»»

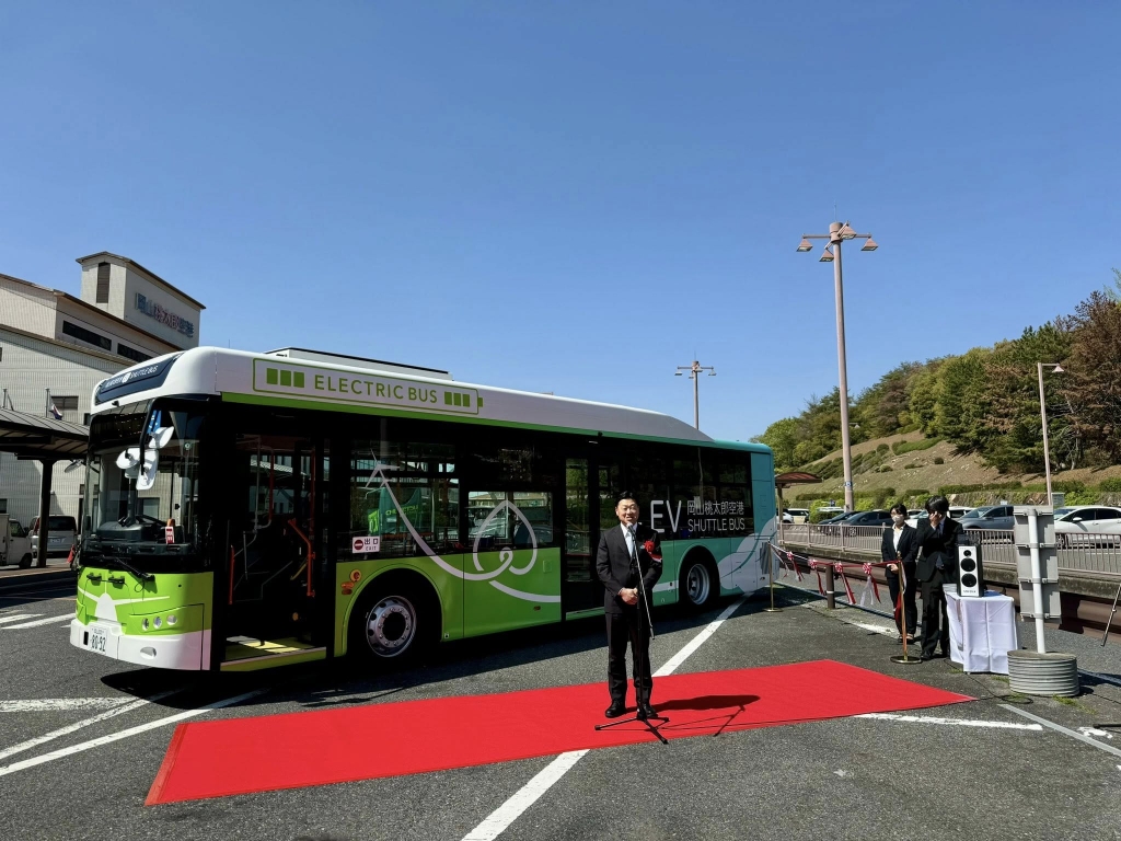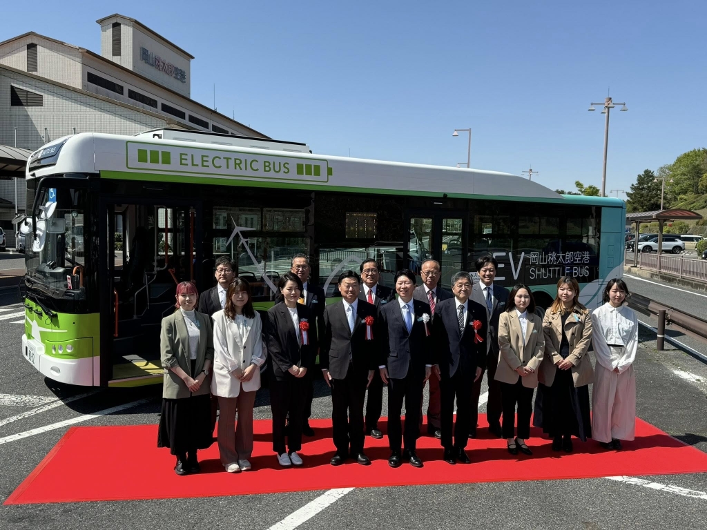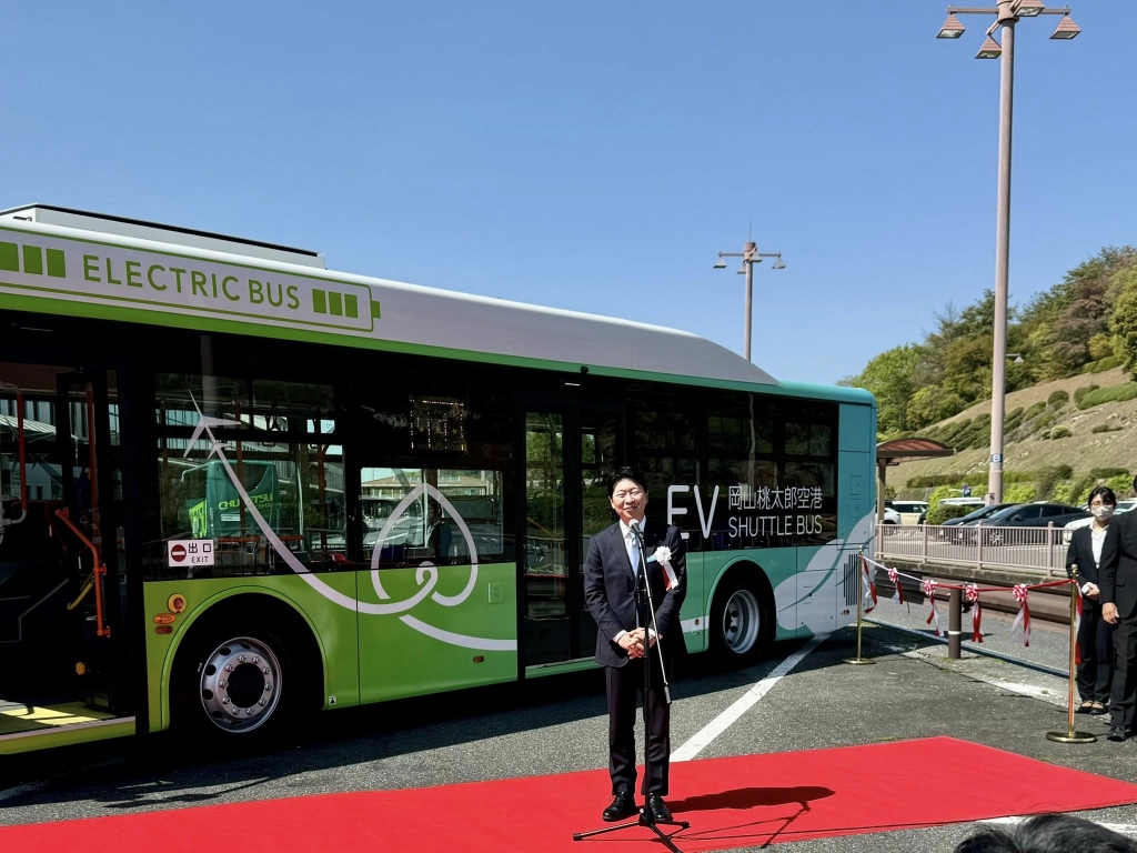 岡山桃太郎空港に導入された無料EVシャトルバスのお披露目式に出席しました。車体のデザインは県立大学の皆さん。23日から運行されます。日本晴れだなぁ。
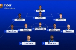 體育資訊4月30日訊 北京時(shí)間明天凌晨,國(guó)米將在歐冠半決賽首回合比賽中客場(chǎng)對(duì)陣巴薩。記者M(jìn)atteo Barzaghi透露了國(guó)米此役的首發(fā)陣容,圖拉姆復(fù)出首發(fā)。
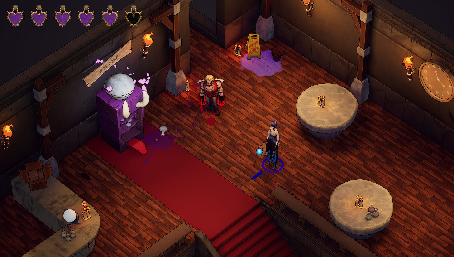 One of the key dynamics I wanted to enforce was for the players to remain together and cooperate. The first consideration was a dynamic split camera, but having a clear line of sight of your teammate was very important so it was scrapped.
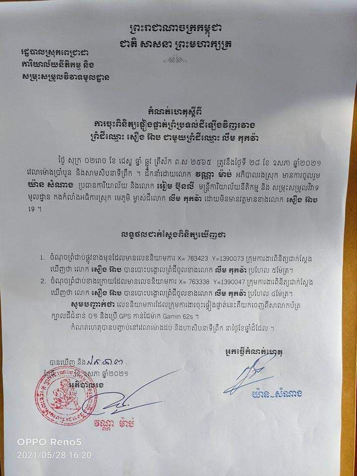 ប៉ុន្តែមកដល់ថ្ងៃទី ២៧ ខែឧសភា ឆ្នាំ២០២១នេះគណ:បញ្ជាការឯកភាពស្រុកដឹកនាំដោយលោក វណ្ណា ម៉ាប់ និងមន្រ្តីជំនាញ លោកយ៉ាន សំណាង លោក អៀម ប៊ុនលី ដើម្បីធ្វើការផ្ទៀងផ្ទាត់នូវទំហំដីតាមលេខក្បាលដី ២៦០។
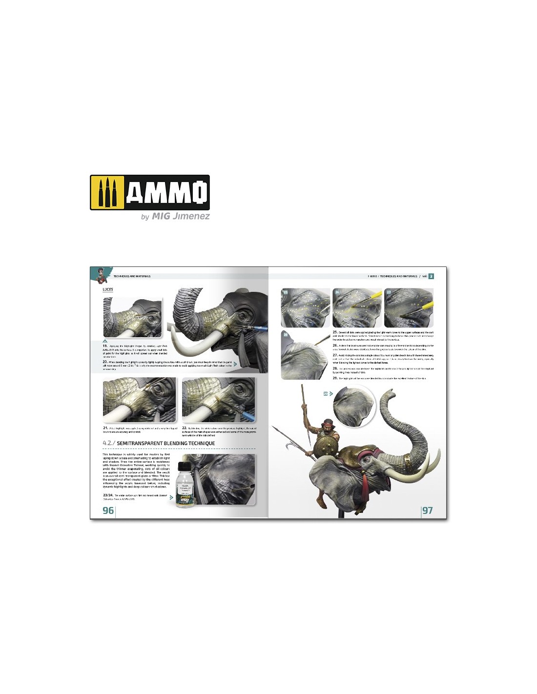 Il volume 2 dell'Enciclopedia di figure si concentra sui materiali, sulle procedure e sulle tecniche più adatte alla pittura e alla realizzazione di una miniatura. Una volta che gli elementi del linguaggio visivo come il colore, l'illuminazione, la forma e la trama sono stati appresi dal primo volume, è tempo di impegnarsi nelle tecniche pittoriche che consentono di rappresentare accuratamente ciascuno di questi elementi su qualsiasi figura in scala.
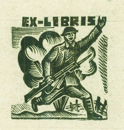 这款是印在1939年唐英伟在香港出版的木刻集《中国的血》封底的藏书票。1931年鲁迅提倡新兴木刻运动,唐英伟是最早投入中国现代木刻运动的美术家之一。他的木刻画甚至被认为是“代表劳苦大众申诉的作品”。1938年唐英伟来到香港,那时正处于抗日战争激烈时期,他在香港以版画为笔,号召同胞抗日,但仍不忘情于藏书票创作。许地山为该书题签:“愿将此中的一切永刻在人人底心版上。”这款表现奔赴沙场战士的藏书票,就是最好的见证。(怀安 辑)
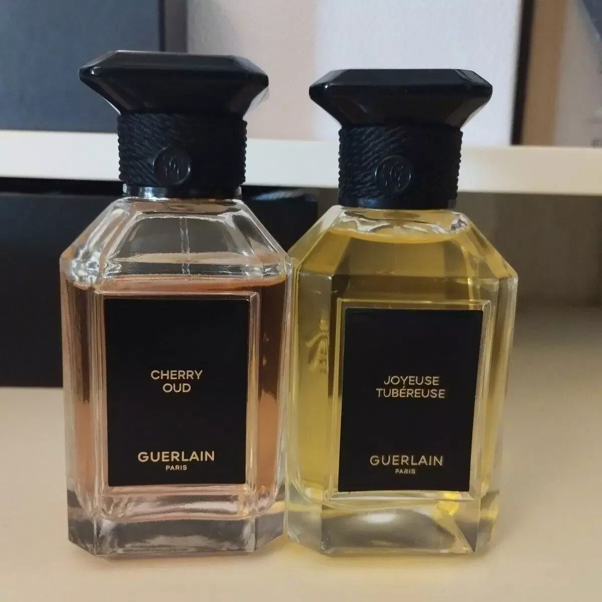 Cherry Oud, das dickere glasteil wo die flüssigkeit von unten anfängt ist anders als der Cherry oud und anders als alle meine Guerlain flakons und das innere vom Deckel sieht auch anders aus als meine Guerlain Deckel, deins scheint gelasert zu sein, aber sollte es nicht.
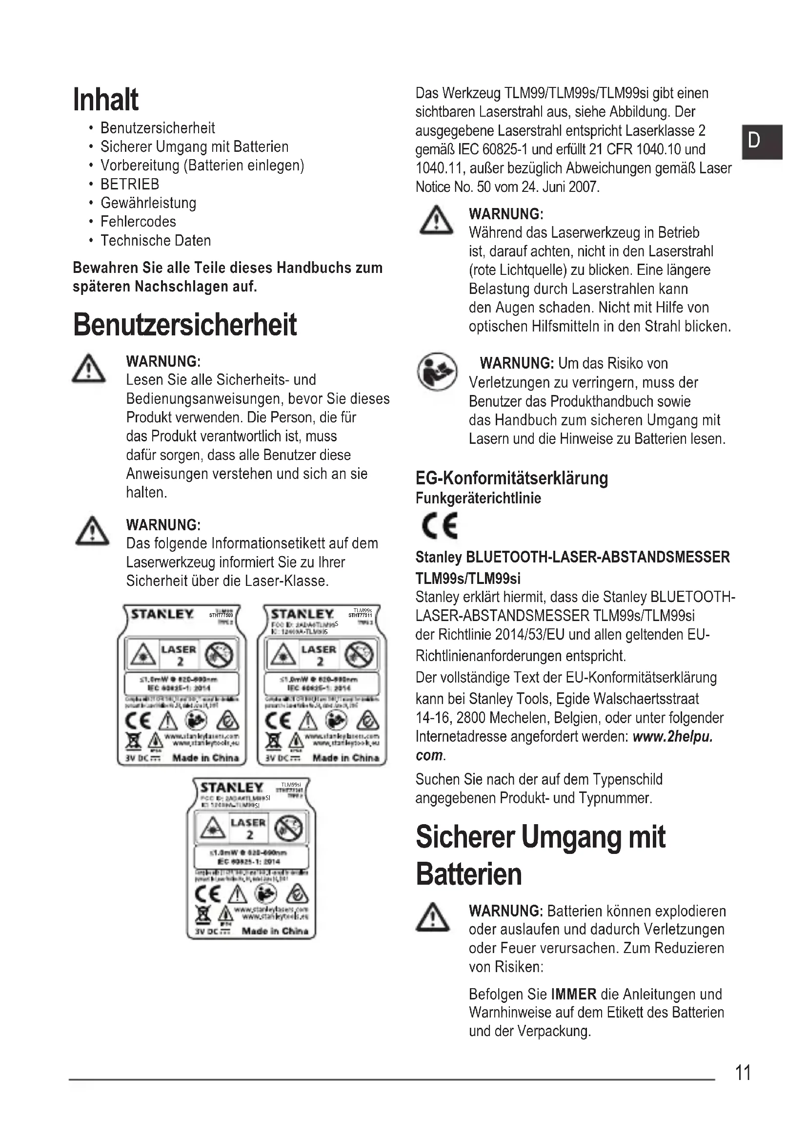 TLM99si Das Werkzeug TLM99/TLM99s/TLM99si gibt einen sichtbaren Laserstrahl aus, siehe Abbildung. Der ausgegebene Laserstrahl entspricht Laserklasse 2 gemäß IEC 60825-1 und erfüllt 21 CFR 1040.10 und 1040.11, außer bezüglich Abweichungen gemäß Laser Notice No. 50 vom 24. Juni 2007.WARNUNG:Während das Laserwerkzeug in Betrieb ist, darauf achten, nicht in den Laserstrahl (rote Lichtquelle) zu blicken. Eine längere Belastung durch Laserstrahlen kann den Augen schaden. Nicht mit Hilfe von optischen Hilfsmitteln in den Strahl blicken. WARNUNG: Um das Risiko von Verletzungen zu verringern, muss der Benutzer das Produkthandbuch sowie das Handbuch zum sicheren Umgang mit Lasern und die Hinweise zu Batterien lesen. EG-Konformitätserklärung FunkgeräterichtlinieStanley BLUETOOTH-LASER-ABSTANDSMESSER TLM99s/TLM99siStanley erklärt hiermit, dass die Stanley BLUETOOTH-LASER-ABSTANDSMESSER TLM99s/TLM99si der Richtlinie 2014/53/EU und allen geltenden EU-Richtlinienanforderungen entspricht.Der vollständige Text der EU-Konformitätserklärung kann bei Stanley Tools, Egide Walschaertsstraat 14-16, 2800 Mechelen, Belgien, oder unter folgender Internetadresse angefordert werden: www.2helpu.com.Suchen Sie nach der auf dem Typenschild angegebenen Produkt- und Typnummer. Sicherer Umgang mit Batterien WARNUNG: Batterien können explodieren oder auslaufen und dadurch Verletzungen oder Feuer verursachen. Zum Reduzieren von Risiken:Befolgen Sie IMMER die Anleitungen und Warnhinweise auf dem Etikett des Batterien und der Verpackung.

««

Up to and including the line with "One of the key", copy the data above from its first line. Skip pictures.

 岡山桃太郎空港に導入された無料EVシャトルバスのお披露目式に出席しました。車体のデザインは県立大学の皆さん。23日から運行されます。日本晴れだなぁ。
 體育資訊4月30日訊 北京時(shí)間明天凌晨,國(guó)米將在歐冠半決賽首回合比賽中客場(chǎng)對(duì)陣巴薩。記者M(jìn)atteo Barzaghi透露了國(guó)米此役的首發(fā)陣容,圖拉姆復(fù)出首發(fā)。
 One of the key dynamics I wanted to enforce was for the players to remain together and cooperate. The first consideration was a dynamic split camera, but having a clear line of sight of your teammate was very important so it was scrapped.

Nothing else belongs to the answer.